*** Listed records ***

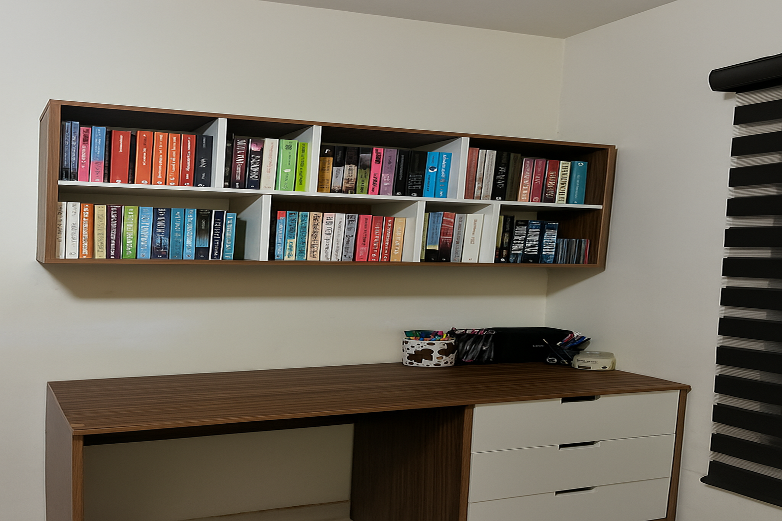 Este mueble modular combina de forma inteligente una cama alta con múltiples funciones, convirtiéndolo en una solución ideal para espacios pequeños. Su diseño moderno y minimalista destaca por el contraste entre el blanco brillante y una madera muy oscura En la parte superior se encuentra la cama tipo loft, mientras que debajo incorpora una zona de trabajo con escritorio y estantes. Además, integra un armario de dos puertas y una cómoda con varios cajones. La estructura incluye una escalera formada por cajones amplios que sirven como almacenamiento adicional, aprovechando al máximo cada espacio.
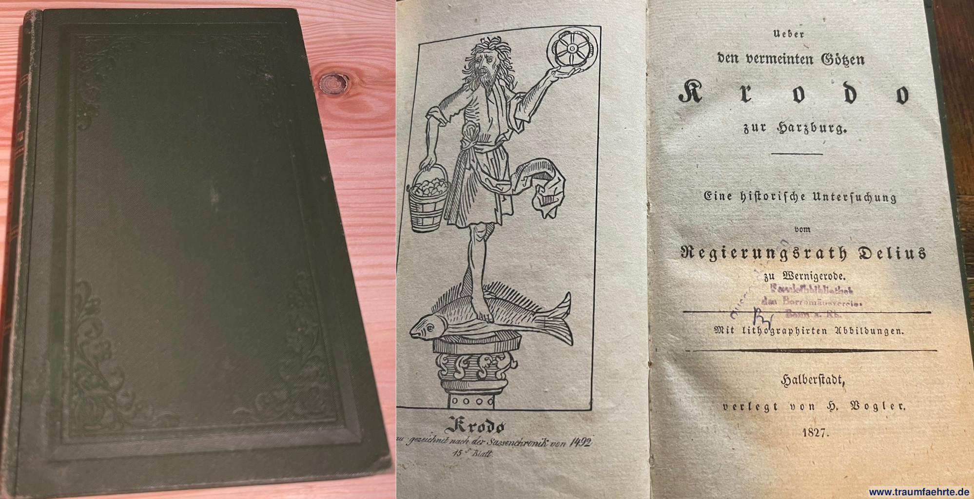 Alte Bücher etc. > Orts- & Landeskunde > DeutschlandDelius: Über den vermeinten Götzen Krodo zur Harzburg. Eine historische Untersuchung. [ Permalink ]>>> Artikel-Nr: 29631 <<< Halberstadt, Vogler 1827, mit 1 Titelbild, 2 ausklappbaren Tafeln, 168 S., goldgeprägtes OLn., marmorierte Vorsätze Zustand: Exlibris auf Innendeckel, alter Bibliotheksstempel auf Titelblatt, Rückenkanten etwas berieben Preis: 280,00 €
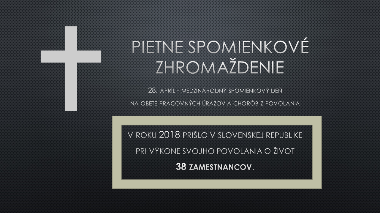 28. apríl je nielen Svetovým dňom bezpečnosti a ochrany zdravia pri práci, ale zároveň aj Medzinárodným spomienkovým dňom na obete pracovných úrazov a chorôb z povolania.
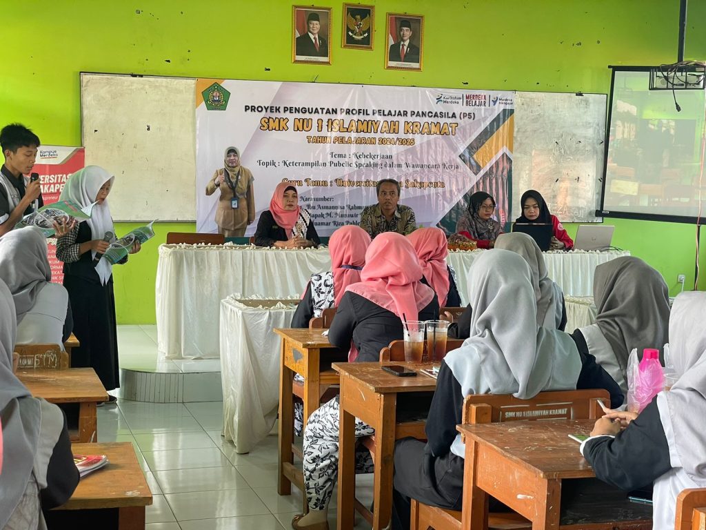 Tegal, 15 Mei 2025 ā Dalam rangka membekali siswa dengan keterampilan menghadapi dunia kerja, SMK NU 1 Islamiyah Kramat menyelenggarakan kegiatan Proyek Penguatan Profil Pelajar Pancasila dengan tema “Public Speaking dan Kemampuan Interview di Dunia Kerja”, yang berlangsung pada Kamis, 15 Mei 2025. Kegiatan ini menghadirkan narasumber professional dari Universitas BIMA SAKAPENTA dan diikuti oleh 292 siswa dari jurusan Akuntansi, Teknik Komputer dan Jaringan (TKJ), serta Teknik Kendaraan Ringan (TKR). Tiga narasumber utama yang hadir dalam kegiatan ini adalah Asmannisa Rahmawati, M.Ak., Desi Maola Ayu, S.E., M.M., dan Muamar Riza Pahlevi, M.H., yang masing-masing memberikan materi seputar keterampilan berbicara di depan umum, teknik menghadapi wawancara kerja, serta etika dan kesiapan mental dalam memasuki dunia profesional.
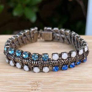 Dannijo Blue/White Crystal/Opal Giulia Chain Link Gunmetal Bracelet
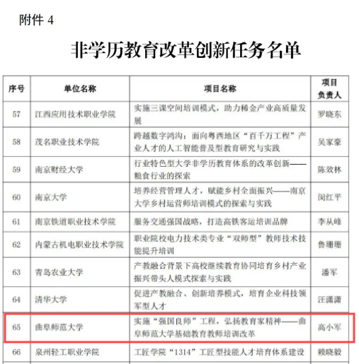 继续教育学院讯 近日,教育部发布了《2024 年学习型社会建设重点任务(高等继续教育领域)培育建设名单》,曲阜师大继续教育学院高小军副教授的《实施“强国良师”工程,弘扬教育家精神——华体会(中国)...
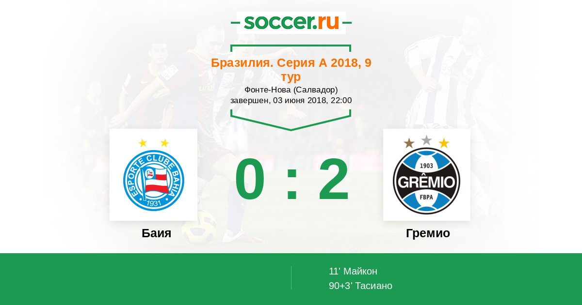 Протокол матча Баия против Гремио
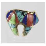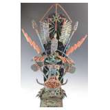 NATIVE AMERICAN METAL YARD ART Welded and painted Native American metal yard art. This piece features Native American symbols such as a buffalo head, two arrows, two tomahawks, an eagle and two lightning bolts. Size: 26x16", Est. 100-200, Lot: 32140
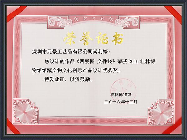 深圳市元景工藝品限公司肖莉婷設(shè)計(jì)師設(shè)計(jì)作品《四愛圖 文件袋》榮獲2016桂林博物館館藏文物文化創(chuàng)意產(chǎn)品設(shè)計(jì)二等獎(jiǎng)。
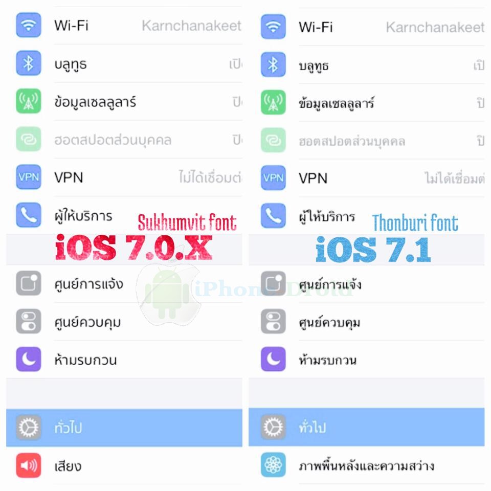 ขอบคุณภาพเปรียบเทียบฟอนต์สุขุมวิท iOS 7.0.x และ ฟอนต์ธนบุรี iOS 7.1 จากคุณ Arc En Ciel
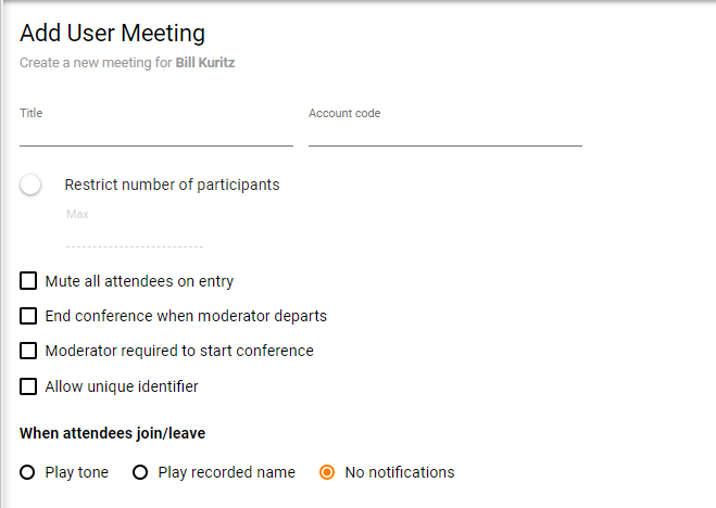 - Department (Briefcase icon) – Apply a Department name to a Meet-Me Audio Conference (optional).
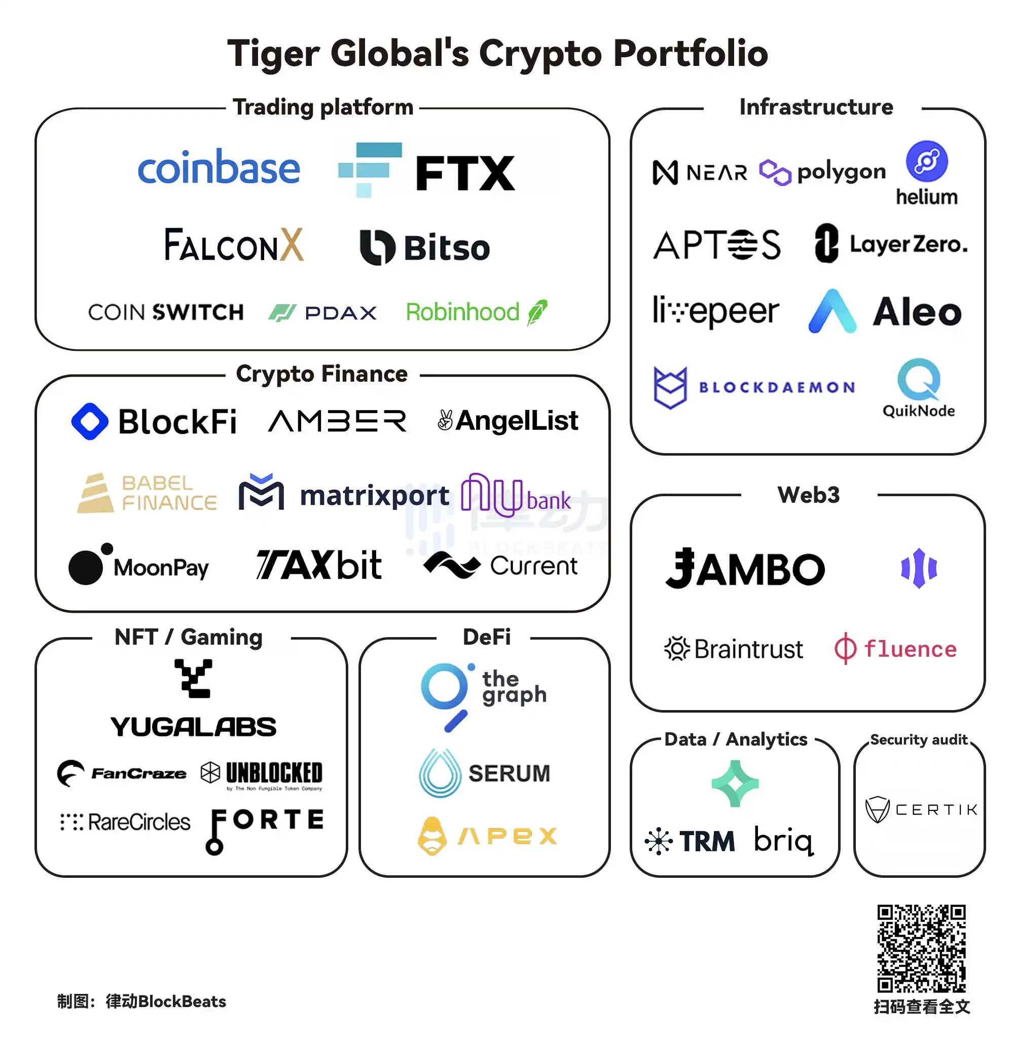 由于 Tiger Global 在 Crypto 里的投资交易主要发生在 2021、2022 年,下面律动 BlockBeats 将帮大家逐步还原它这两年的投资进展、投资偏好。
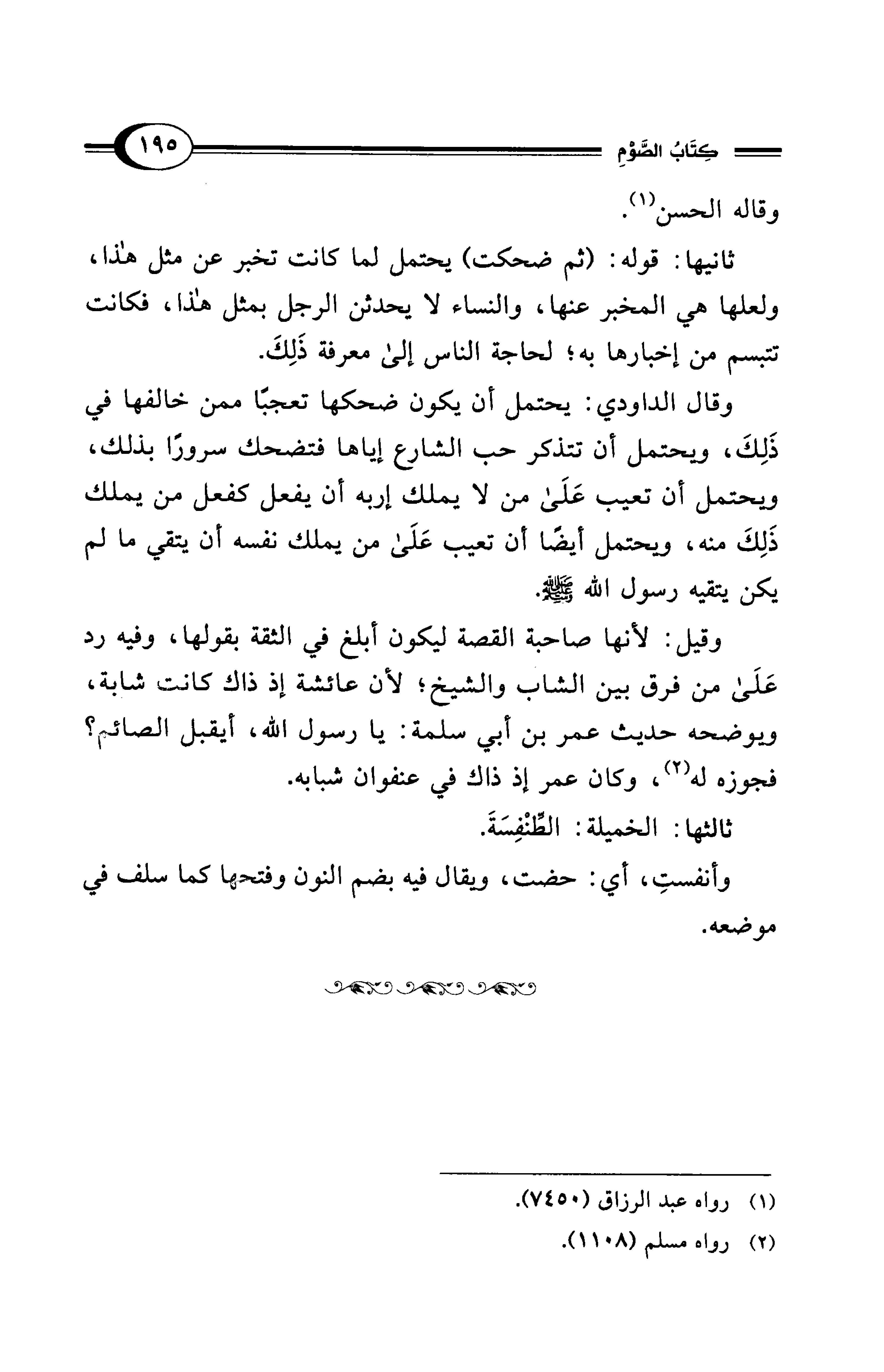 وقال الداودي: يحتمل أن يكون ضحكها تعجبًا ممن خالفها في ذَلِكَ، ويحتمل أن تتذكر حب الشارع إياها فتضحك سرورًا بذلك، ويحتمل أن تعيب عَلَى من لا يملك إربه أن يفعل كفعل من يملك ذَلِكَ منه، ويحتمل أيضًا أن تعيب عَلَى من يملك نفسه أن يتقي ما لم يكن يتقيه رسول الله - صلى الله عليه وسلم -.
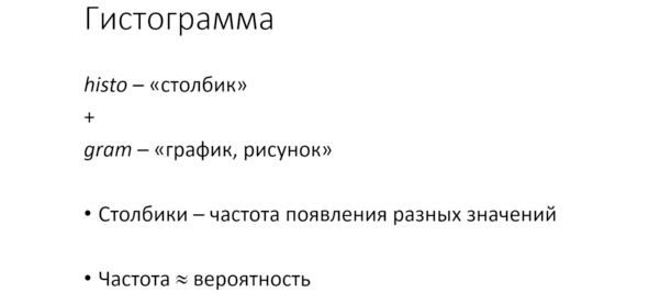 Наши столбики изображают частоту появления разных значений случайной величины. Напомним, что частота примерно соответствует вероятности.
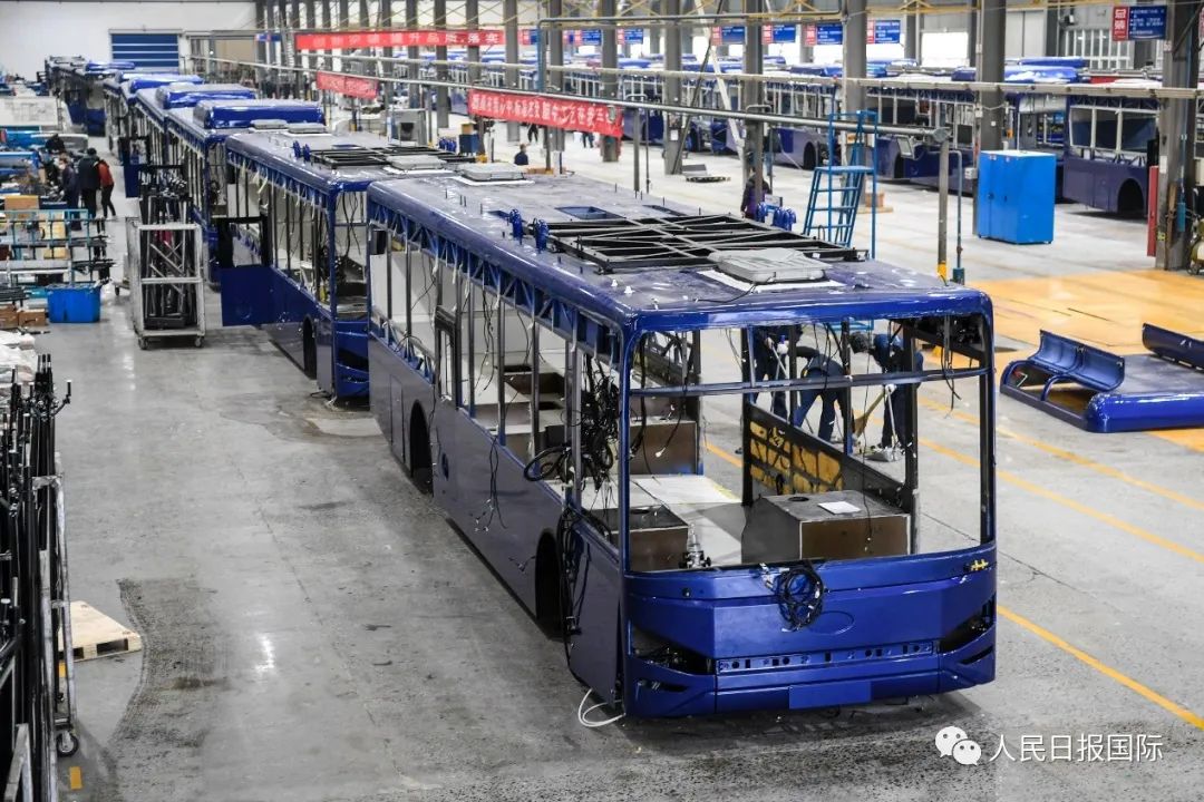 2021年1月6日拍摄的南京溧水经济开发区开沃新能源汽车集团大客车总装车间。新华社记者李博摄

*** End of Listed records ***

# Work task
Give again, word for word, the lines above from the one with "Протокол матча Баия против Гремио" through the final line of the data, both ends included. Do not copy any picture.

# Written response
 Протокол матча Баия против Гремио
 NATIVE AMERICAN METAL YARD ART Welded and painted Native American metal yard art. This piece features Native American symbols such as a buffalo head, two arrows, two tomahawks, an eagle and two lightning bolts. Size: 26x16", Est. 100-200, Lot: 32140
 深圳市元景工藝品限公司肖莉婷設(shè)計(jì)師設(shè)計(jì)作品《四愛圖 文件袋》榮獲2016桂林博物館館藏文物文化創(chuàng)意產(chǎn)品設(shè)計(jì)二等獎(jiǎng)。
 ขอบคุณภาพเปรียบเทียบฟอนต์สุขุมวิท iOS 7.0.x และ ฟอนต์ธนบุรี iOS 7.1 จากคุณ Arc En Ciel
 - Department (Briefcase icon) – Apply a Department name to a Meet-Me Audio Conference (optional).
 由于 Tiger Global 在 Crypto 里的投资交易主要发生在 2021、2022 年,下面律动 BlockBeats 将帮大家逐步还原它这两年的投资进展、投资偏好。
 وقال الداودي: يحتمل أن يكون ضحكها تعجبًا ممن خالفها في ذَلِكَ، ويحتمل أن تتذكر حب الشارع إياها فتضحك سرورًا بذلك، ويحتمل أن تعيب عَلَى من لا يملك إربه أن يفعل كفعل من يملك ذَلِكَ منه، ويحتمل أيضًا أن تعيب عَلَى من يملك نفسه أن يتقي ما لم يكن يتقيه رسول الله - صلى الله عليه وسلم -.
 Наши столбики изображают частоту появления разных значений случайной величины. Напомним, что частота примерно соответствует вероятности.
 2021年1月6日拍摄的南京溧水经济开发区开沃新能源汽车集团大客车总装车间。新华社记者李博摄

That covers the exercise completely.